Dimes Square
From Wikipedia, the free encyclopedia
Dimes Square is a so-called "microneighborhood"[1] of New York City, located between the Chinatown and Lower East Side neighborhoods of Manhattan. The exact perimeter and nature of the neighborhood is debated.
The term Dimes Square has become a metonym for a number of associated reactionary aesthetic movements centered in the area, particularly several events at Sovereign House and podcasts funded by Peter Thiel.[2][3] [failed verification] Media associated with the area include the podcast Red Scare, pirate radio station Montez Press Radio, and print newspaper The Drunken Canal.[4] An online Dimes zine named Byline was also established in 2023 by Gutes Guterman and Megan O'Sullivan [1][dead link].
The neighborhood's name, a play on "Times Square", refers to Dimes, a restaurant located at the intersection of Canal Street and Division Street on the Lower East Side. According to Marisa Meltzer of The New York Times, the nickname has transitioned from a term used "jokingly" to one used "semi-seriously".[5]

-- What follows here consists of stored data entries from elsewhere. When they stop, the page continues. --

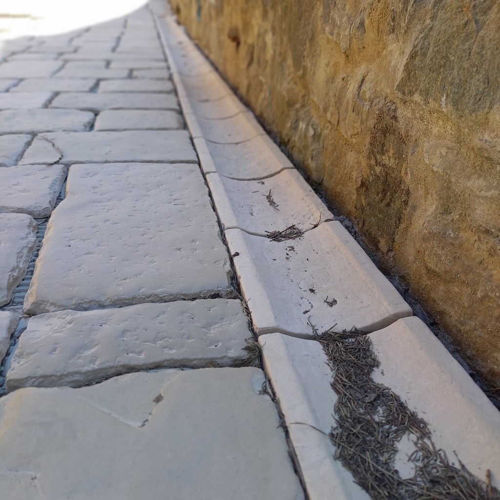 Se stai facendo un viale, una soluzione sensata è realizzarlo a schiena d’asino, cioè con una leggera pendenza che dal centro accompagni l’acqua verso destra e sinistra.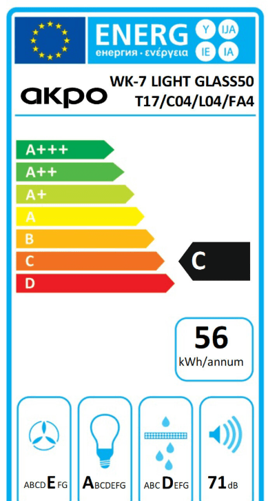 Akpo WK-7 Light Glass 50 Under-cabinet cooker hood Inox Black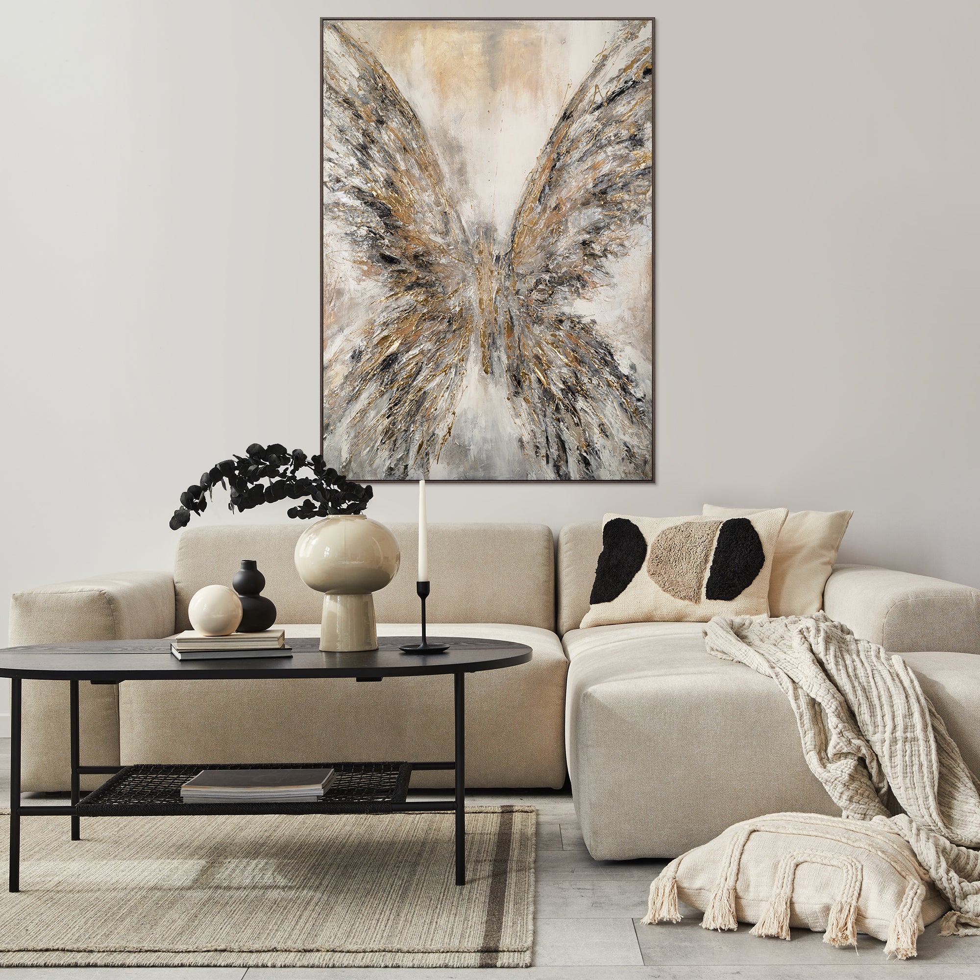 • Abstrakte Engelflügel Wandkunst handgemalt Gold Grau Deko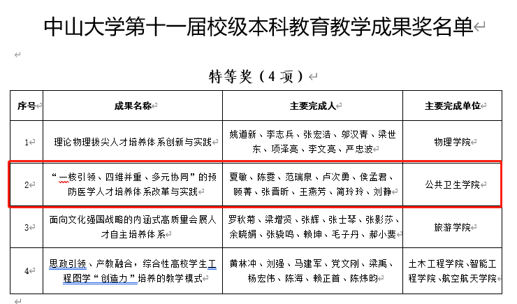 近日,学校公布了yl88858永利集团关于表彰第十一届校级本科教育教学成果奖的决定(中大教务〔2023〕103号),我院由夏敏教授等10人共同完成的《“一核引领、四维并重、多元协同”的预防医学人才培养体系改革与实践》获特等奖,本次我校共评选出4项特等奖。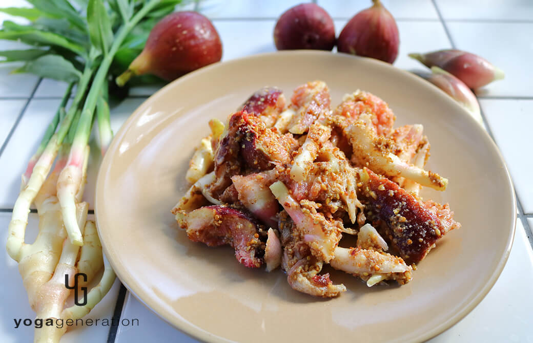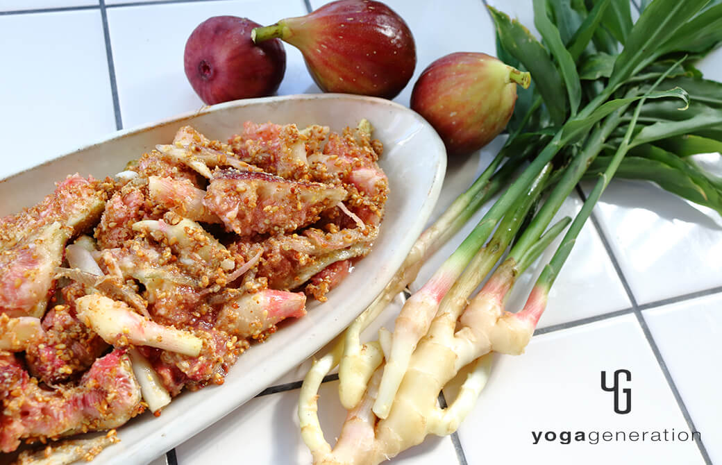 イチジクを手で割く。手で割くことによって和え衣が優しく絡み合う。ミョウガは縦半分にカットしてから薄くスライスする。ショウガは、包丁で軽く削ように硬い皮の部分のみを除く。 -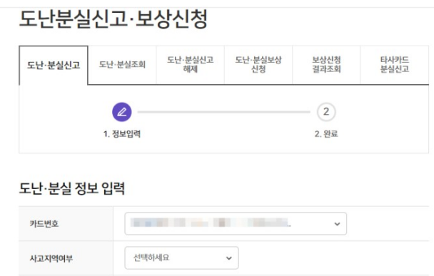 2. 카드번호 및 사고지역, 재발급 여부를 선택하고, 기타 정보들을 입력합니다.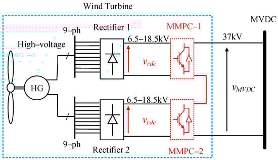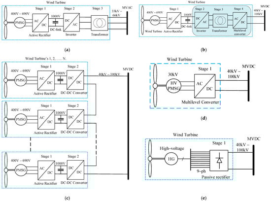 A list of wind power conversion configurations to connect a wind turbine with an MVDC bus. (a) Existing wind turbine conversion systems connecting to an AC collector grid [13,14]; (b) converting existing wind turbines for connection to an MVDC collector grid by adding an AC-DC stage at the output of the turbine transformer [18,19]; (c) the series connection of wind turbines with a DC-DC converter for connecting to an MVDC collector gird [20,21,22,23]; (d) a wind turbine conversion system with a high-voltage PMSG, and a multilevel AC-DC converter connecting to an MVDC collector grid [24,25,26,27]; (e) a wind turbine conversion system with a multiphase high-voltage HG and a multiphase passive rectifier connecting to an MVDC collector grid [28,29].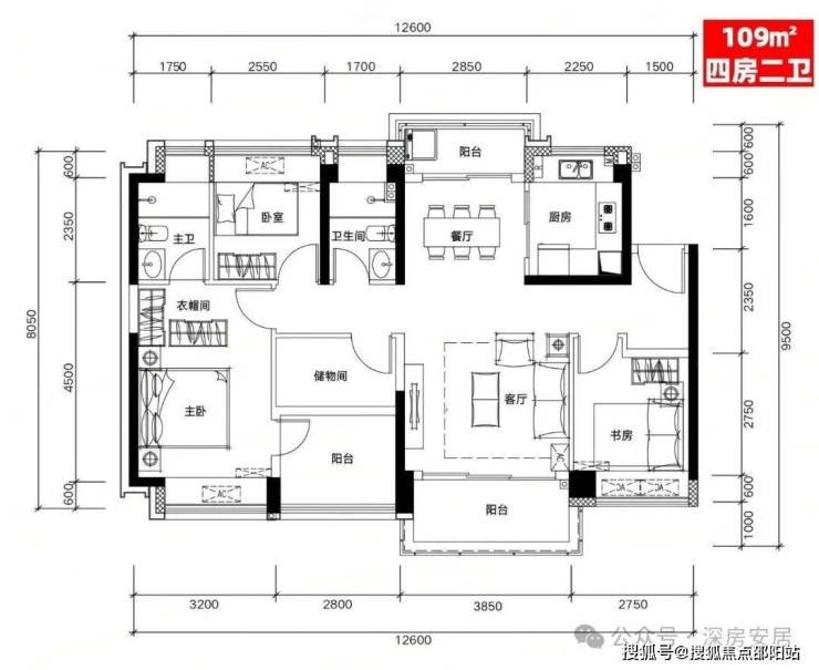 B03户型:109㎡四房二厅二卫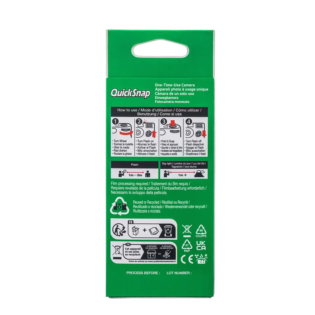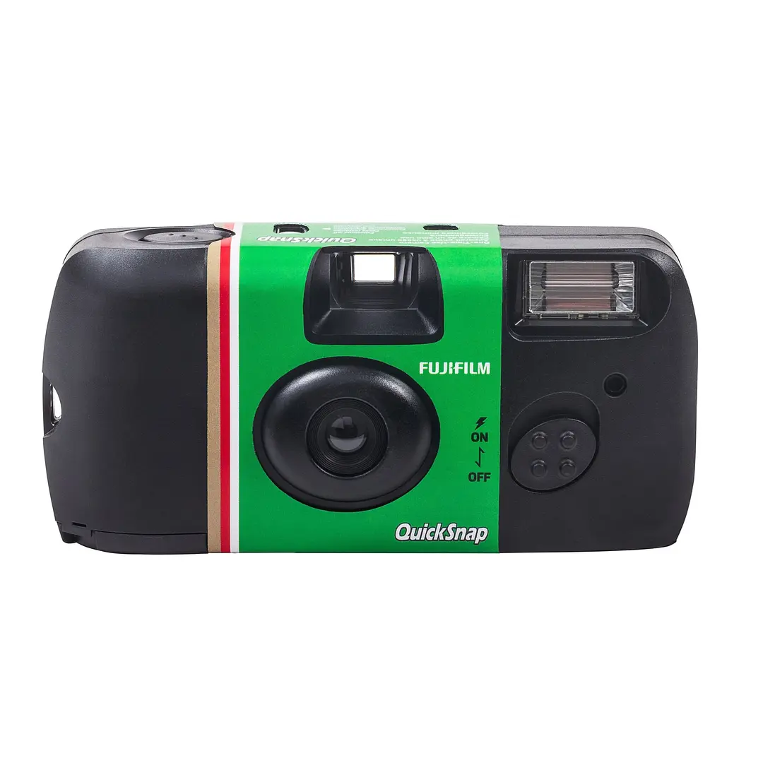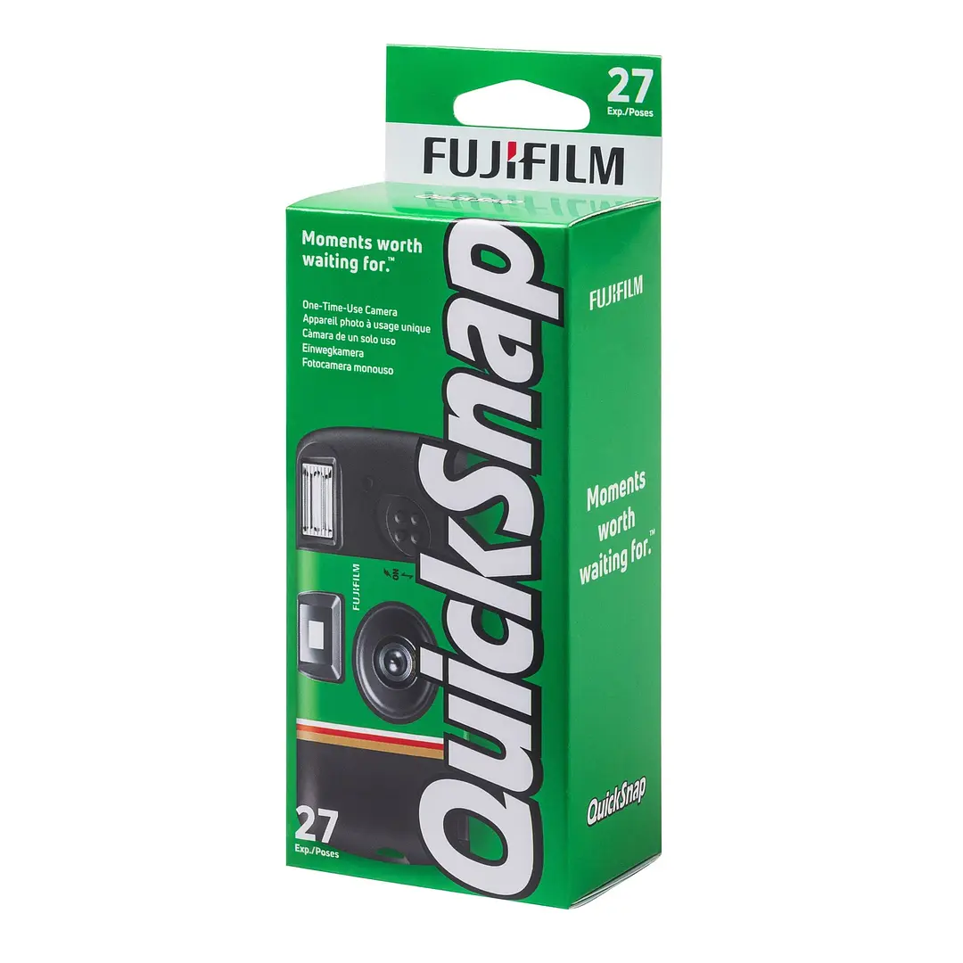 Diversión fotográfica para todos, en cualquier lugar y en cualquier momento. La cámara QuickSnap Flash 400 cuenta con un cuerpo compacto y viene precargada con película de Fujifilm 400 asas. Esta cámara de un solo uso produce imágenes muy nítidas y cuenta con un flash incorporado con un alcance de flash de 3 metros. La cámara QuickSnap Flash 400 es divertida y fácil de usar, y es ideal para tomar fotografías en interiores o exteriores. El interruptor de flash continuo facilita la toma de múltiples fotos, lo que le permite concentrarse por completo en las imágenes. Características técnicas – Artículo FUJIFILM QuickSnap FLASH 400 Película Fujifilm 400 (ISO 400/27°) 135 – 27 exp. – Número de exposiciones 27 Fotos Lente Lente 32 mm f/10, lente de enfoque fijo. – Velocidad de obturación 1/100 seg. – Condiciones de exposición Al aire libre en días soleados o ligeramente nublados. – Distancia entre el sujeto y el objetivo De 1m hasta el infinito – Flash electrónico incorporado (distancia efectiva entre el sujeto y el flash: 1 m – 3 m) – Dimensiones 115 (ancho) x 54 (alto) x 34 (profundidad) mm Peso 90g.

Ben Smith cited the neighborhood's emergence as a lockdown-flouting cultural hub during the COVID-19 pandemic in a 2021 New York Times piece.[4] In 2022, Times journalist Julia Yost identified the neighborhood and associated podcasters such as Dasha Nekrasova of Red Scare as the center of a post-ironic revival of traditionalist Catholicism in New York and among online intellectuals.[6] As the Covid-19 lockdowns receded and the neighborhood became more mainstream, the Dimes Square transgressive art movement digitized and enjoyed newfound infamy online.[7]